Maybe he was crazy. Most men would be reduced to PTSD cases by the shit he’d been through since Dwayne asked him to join Team Tauber. Jimbo found that instead, it gave him peace. It made everything seem more real. Every breath he took was like an invigorating drug washing his lungs and heart and brain clean. It wasn’t just thrill-junkie euphoria either. That was the kind of thing Lee Hammond lived for. Maybe, he thought, it’s like I belong here in the past. Maybe it was in his blood. He was just a red-skinned savage deep down inside and little more than a century from the last time his people lived the old way. Well, if that was it, then he could get behind that. There might be one of these times he’d just stay behind to make his own history.
Bat, trotting behind him, said something. Jimmy Smalls came out of his own thoughts. “Yeah?” he said, stopping.
“We need to think about resting these guys,” Bat said again.
“Past time we took a look at Boats’ condition, too,” he said.
The sun had sunk low over the hills now.

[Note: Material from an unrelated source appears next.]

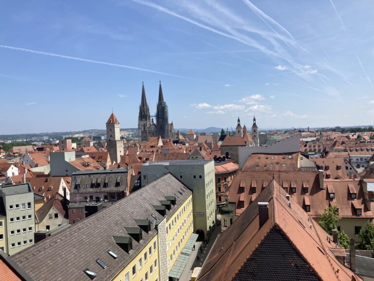 Ratisbonne, appelée Regensburg en allemand, est l’une de mes villes préférées. Son centre historique piétonnier est un régal à parcourir. On se perd dans ses ruelles bordées d’édifices médiévaux, colorés et émaillés de tours. Ratisbonne est l’une des villes les plus anciennes d’Allemagne et fut relativement préservée des destructions de la Seconde Guerre mondiale. Son développement économique s’étant éteint à la fin du Moyen-âge, son centre historique fut peu modifié par la suite, et l’on peut encore aujourd’hui profiter de son ambiance médiévale. Cette préservation architecturale explique l’inscription de Ratisbonne à la liste du patrimoine mondial de l’UNESCO. Bordée par le Danube, la ville est une étape agréable pour rayonner dans la région. Voici les incontournables à ne pas manquer, ainsi que des idées d’excursions.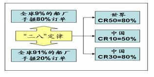 整個造船市場某種程度上遵循“二八定律”,換句話說,少數(shù)幾家造船廠(集團(tuán))控制整個新造船市場。

They’d moved out of the tree line to a lower elevation of a broken country of ridgelines marching in descending order to the coastal plain. Jimbo waved the stretcher-bearers to halt and lower their passenger. The other tag-alongs stopped as well.
“I’m going to run ahead to Lee and let him know,” Jimbo said and pointed up a slope to a grassy peak atop a hillock. “How about you move the unit up to where we can keep watch on our six from that high ground?” Bat nodded and spoke to the few men she knew understood Hebrew.
They made camp on the slope of the hillside below the peak. Hammond took a prone position at the crest to watch the ground around them. It was a nasty badlands that terraced away down to the coast three days hard march from their current position. The land here was riven with shallow gullies that could hide an army in its shadows. These furrows could also hide their unit from sight so long as they found ones they could follow westerly. They’d take a short break and move on to increase their lead on any pursuing force.
Bat and Chaz tended to Boats. The SEAL’s skin was hot to the touch, the wound area inflated and angry-looking. Boats was in and out of consciousness. Bat managed to get some water into him while Chaz strapped a Mylar blanket over him. They shot him up with a new infusion of antibiotics and antipyretics close to the wound site. Now it was up to time, the power of prayer and the sailor’s dogged will to live.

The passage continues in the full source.